Would that have eliminated the problem at Acme? Probably, but who knows. Louise complained to Marty initially and Marty talked to the people whom she accused. But Marty is not their boss and probably had very little authority in their eyes – he’s not somebody one could take too seriously. I think Marty should have gotten HR and the employee’s boss involved up front.

To Acme’s credit, they did take action, particularly with respect to the changing room, although their response to the employee comments seems to have been pretty inadequate. Will this affect Louise’s future? Could be. It seems that companies don’t take kindly to whistle-blowers and employees who file lawsuits, which, unfortunately, is one reason such problems are probably underreported.

Professor Homer H. Johnson, Ph.D.
Loyola University Chicago
(312) 915-6682
[email protected]

An attorney says:

This vignette makes one wonder how many complaints Acme has to receive before actually solving a problem.

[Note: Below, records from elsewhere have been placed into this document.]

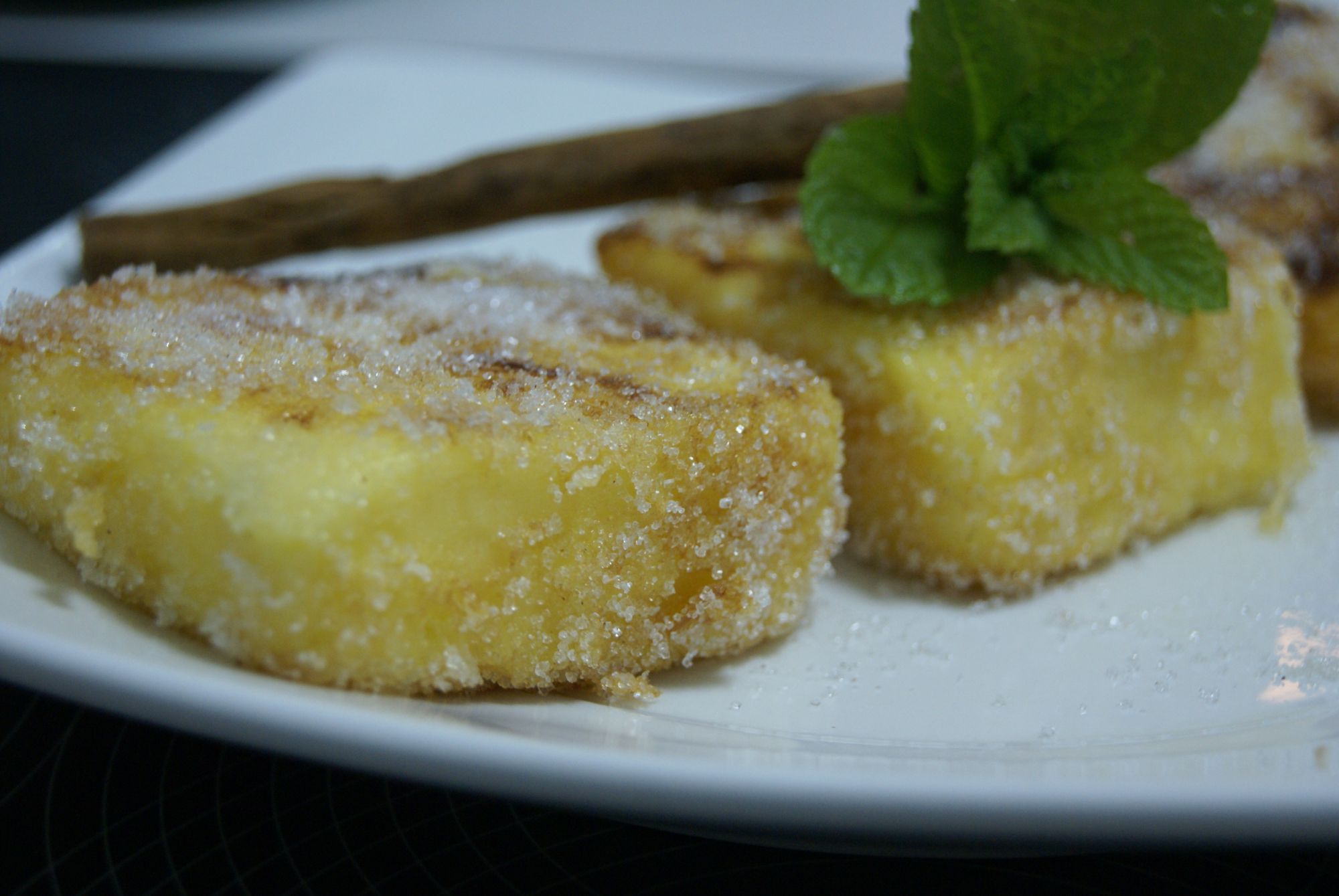 Una vez fría la crema, cortar cuadrados del tamaño deseado, pasarlos primero por harina y luego huevo batido y freír en abundante aceite de oliva caliente.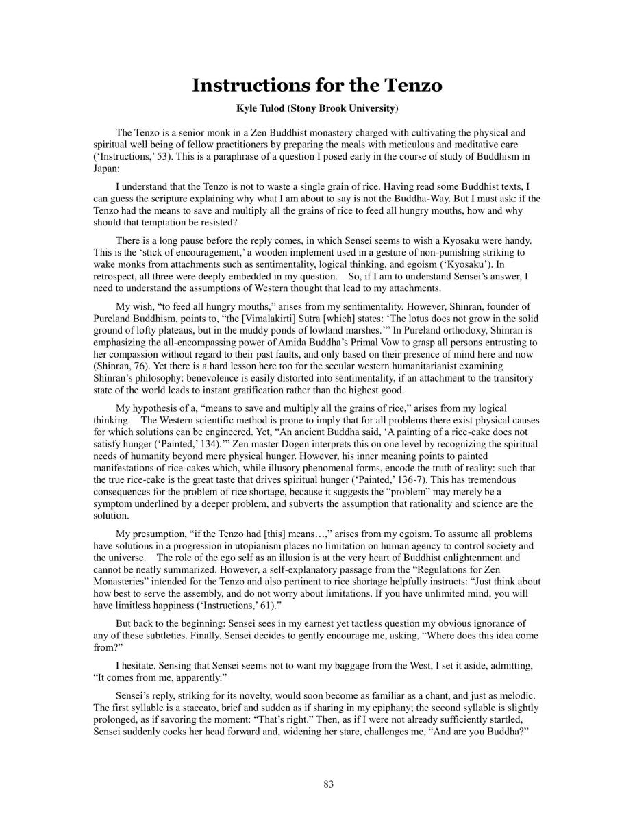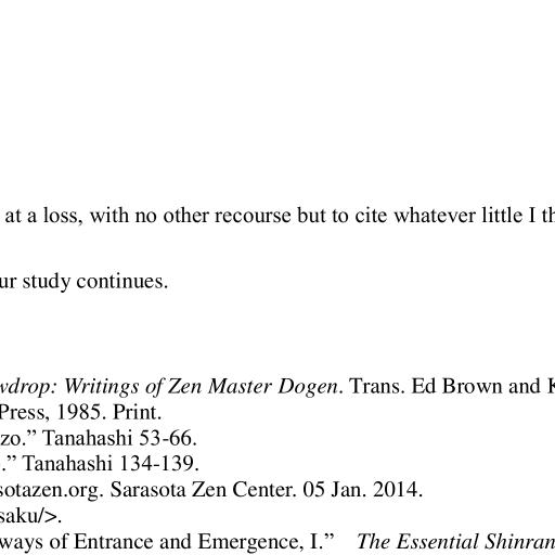 “Wrong.”Mohammed Ali (Stony Brook University)Dogen reached enlightenment when he witnessed his sensei beating another student with a slipper. I started sniggering when Sensei mentioned this, breaking the silence in our class. Everyone glanced at me and then looked back at Sensei, apparently not having the same image as I did of a very serious teacher beating a cowering and repentant student, and Dogen, instead of feeling the gravity of this scene, rushing off to burn incense in his room. I could almost see the lightbulb over his head and hear him exclaiming, “Eureka!” as he rushed off in the culturally confused corridors of my imagination. I bit my lip to control my laughter but another thought sobered me up effectively. For monks to come to Mount Hiei to study under a sensei and voluntarily subject themselves to a relationship where it was possible for them to be physically beaten as a normal course of action to study Buddhism, enlightenment must be serious business indeed. Students sat at the feet and mercy of their masters simply for the possibility of enlightenment.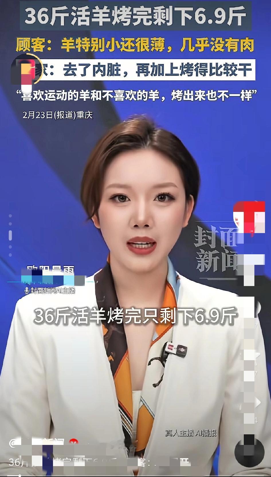 重庆女子除夕夜带全家吃烤全羊,现场称重36斤, 还做了标记防掉包。 结果端上桌又干又小, 几乎没肉,复称只有6.9斤, 商家还嘴硬说正常。 正常损耗根本不会这么夸张, 36斤活羊烤熟至少该有10斤以上,明眼人都知道有问题。 官方已查实, 商家提前给羊猛灌水喂饲料, 故意虚增重,纯属消费欺诈。 花1188元买的不是羊肉, 是一肚子气。 团圆饭图的是开心, 不是被人当冤大头。 做生意靠的是诚信, 不是耍小聪明坑顾客。 你外出吃饭遇到过这种缺斤短两的事吗?烤全羊 全羊烤全羊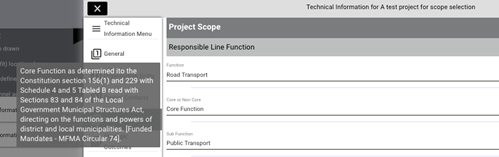 The fourth option listed on the project technical information window outlines the project scope information. The project scope information is based on the Municipal Standard Chart of Accounts (mSCOA) as regulated through National Treasury. For more information regarding mSCOA refer to: MFMA: Municipal Regulations mSCOA.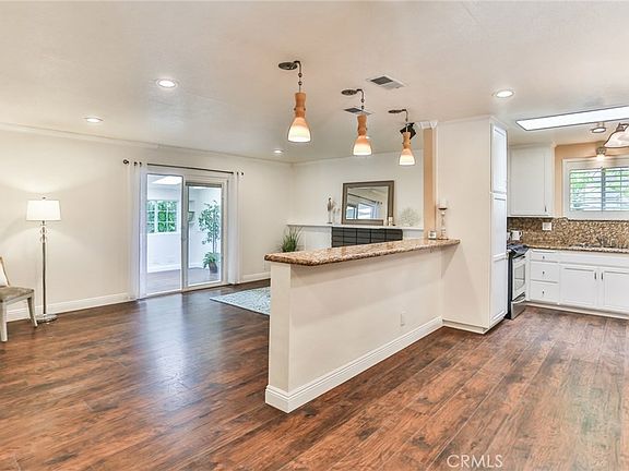 Welcome to 14862 Sabre Ln in Huntington Beach. This beautiful 3 bedroom single-level home is newly remodeled & situated on a quiet cul-de-sac with one of the largest lots in the neighborhood. As you enter, you will notice the new laminate flooring throughout the entire home. The kitchen offers an open floorplan & extra counterspace great for entertaining. Kitchen upgrades include granite countertops, stainless steel appliances, & built-in beverage fridge/wine refrigerator. Down the hall, all bedrooms are generous in size with mirrored closet doors. The guest bathroom is newly remodeled & beautifully designed with a custom vanity. The added custom cabinets with full length mirror give additional storage space for the ultimate organizer. The large master bedroom offers a custom window bench perfect for reading while enjoying morning coffee. The master bathroom has brand-new flooring, shower, vanity and toilet. The mirrored closet was designed by Closet World. The bonus room was designed for an in-home office &/or play room. Other home features include central air/heat, new water heater, new interior paint, upgraded light switches, recessed lighting, & copper plumbing. The attached two car garage includes custom cabinets built by closet world, with access to the backyard. The back yard has been perfectly maintained and offers an array of fruit trees: Banana’s, Apple, Lemon, Avocado, Guava, Tangerine, and Grapefruit just to name a few. This gorgeous home is a must-see!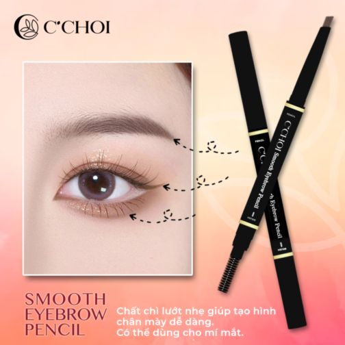 Chì kẻ lông mày vẽ eyeliner mí mắt 1 đầu kẻ và 1 đầu chổi C'Choi - Smooth Eyebrow Pencil
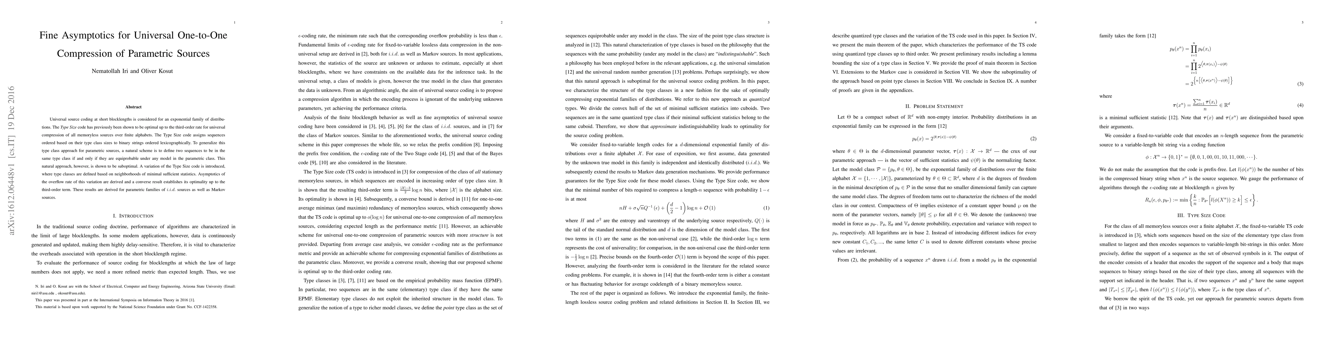 This paper introduces a refined version of the Type Size code to achieve optimal universal one-to-one compression for parametric sources, deriving fine asymptotics for the overflow rate and proving its optimality up to the third-order term for both $i.i.d.$ and Markov sources.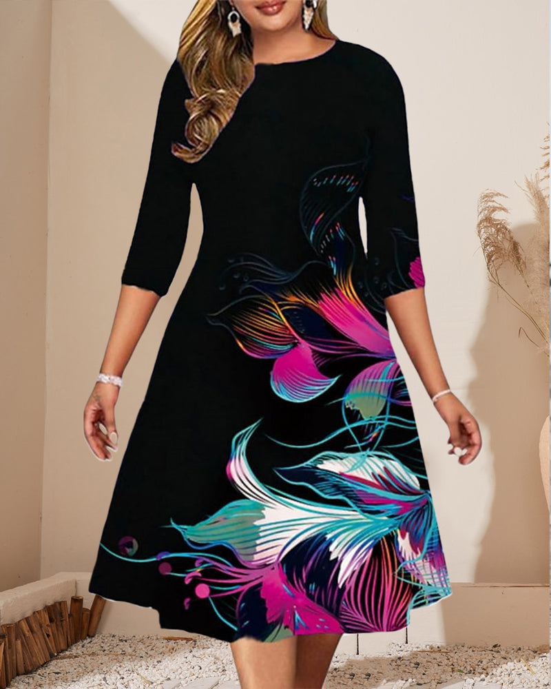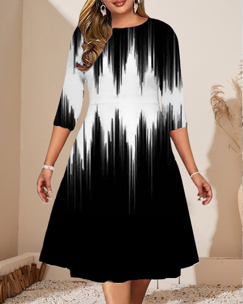 Sukienka z półrękawem, okrągłym dekoltem i nadrukiem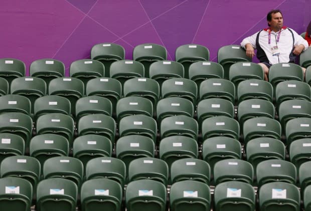 A spectator sits amid empty seats at the All England Lawn Tennis Club during the women’s singles match between Denmark’s Caroline Wozniacki and Great Britain’s Anne Keothavong at the London 2012 Olympics Games July 28, 2012. REUTERS/Stefan Wermuth (BRITAIN – Tags: OLYMPICS SPORT TENNIS)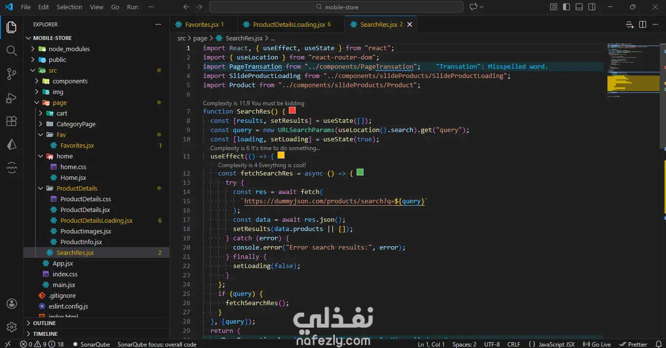 • نظام بحث وتصنيف ذكي: يحتوي الموقع على شريط بحث (Search Bar) فعال للبحث عن منتجات معينة (مثل اللابتوب)، بالإضافة إلى إمكانية تصفح المنتجات حسب الفئات المتاحة من الـ API.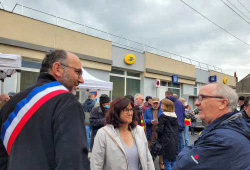 Les menaces sur la Poste et son organisation, il y en a assez. C'est ce qu'ont clairement exprimé, ce lundi matin 6 mai, sept maires de communes du Pas-de-Calais autour d'Avion. Dès 9 h, ces élus ont appelé à un regroupement devant le bureau de poste de Fouquières-les-Lens et ont pris la parole en fin de matinée. Ils ont été rejoints par la sénatrice et le député (PCF) du Pas-de-Calais Cathy Apourceau-Poly et Jean-Marc Tellier.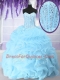 Blue Ball Gowns Sweetheart Sleeveless Organza Floor Length Lace Up Beading and Ruffles 15 Quinceanera Dress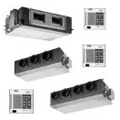 Канальный кондиционер является сплит-системой скрытого типа. Он используется, чаще всего, для кондиционирования сразу нескольких помещений. Внутренний блок крепится за подвесным потолком или в подсобном помещении. Обработанный воздух раздается по сети воздуховодов, размещаемых в подпотолочном или межстенном пространстве. Благодаря такой конструкции, канальный кондиционер может охлждать сразу несколько помещений. Типичная мощность этих кондиционеров составляет 12-25 кВт, что достаточно для охлаждения небольшого офиса или 4-5 комнатной квартиры Принципиальное отличие канального кондиционера от остальных сплит-систем - в возможности подачи свежего воздуха в объемах, необходимых для полноценной вентиляции кондиционируемых помещений. Таким образом, использование одного канального кондиционера позволяет решить задачи, как вентиляции, так и кондиционирования сразу нескольких помещений. Нужно только позаботиться о правильном расчете воздухообмена, подборе кондиционера по мощности охлаждения и статическому давлению, предусмотреть установку электрического или водяного калорифера для подогрева наружного воздуха в зимнее время.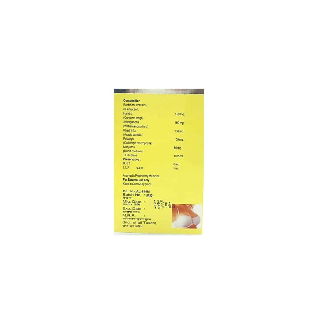 Haridra (Curcuma longa) 150 mg, Aswagandha (Withania Somnifera) 100 mg, Khadhirika (Acacia catechu) 100 mg, Priyangu (Callicarpa macrophylla) 100 mg, Manjishta (Rubia Cordifolia) 50 mg, Til Tail Base 0.05 ml,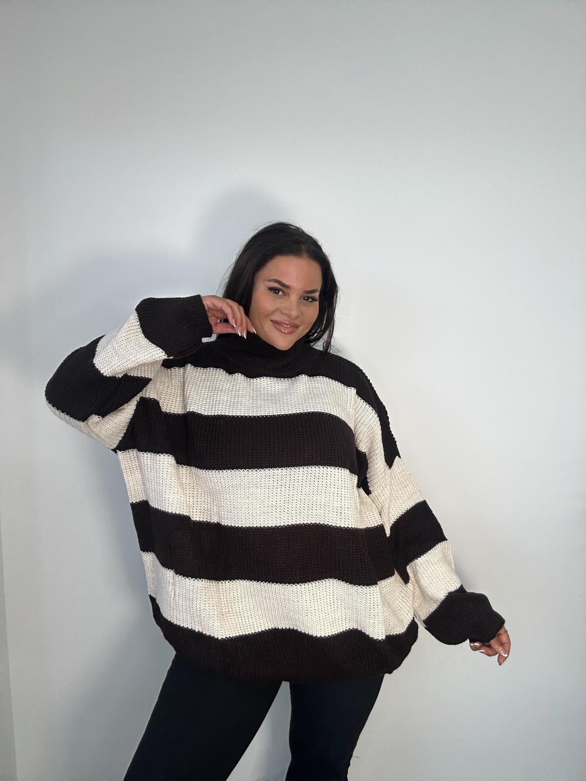 The Curve Cosy Striped Oversized Jumper is the perfect blend of comfort and style. Designed with wide monochrome stripes, this chunky knit jumper features a relaxed oversized fit, drop shoulders, and a high neckline for added warmth. Ideal for layering, it pairs effortlessly with jeans, leggings, or faux leather trousers. A must-have staple for plus-size women’s fashion collections that prioritise both cosiness and chic appeal.

There are four critical pieces to any employer’s effective antiharassment program: (1) a policy -- and communication of that policy to employees; (2) a prompt investigation into a complaint; (3) resolving the problem if one exists and (4) disciplining the perpetrator. Acme appears to have fallen down, or at least stumbled dramatically, at each and every step. First, there is no indication that Acme has a policy or communicates it to employees. It is hard to believe that new employees in the skunk works were schooled in the company’s harassment policy if their first prank was to make lewd comments about female workers.

Acme then proceeded to make four feeble attempts to correct the problem. It shouldn’t require an engineer or an architect to predict that workers who make a hole in the wall to peer at the opposite sex would not repeat the behavior once the first hole was repaired.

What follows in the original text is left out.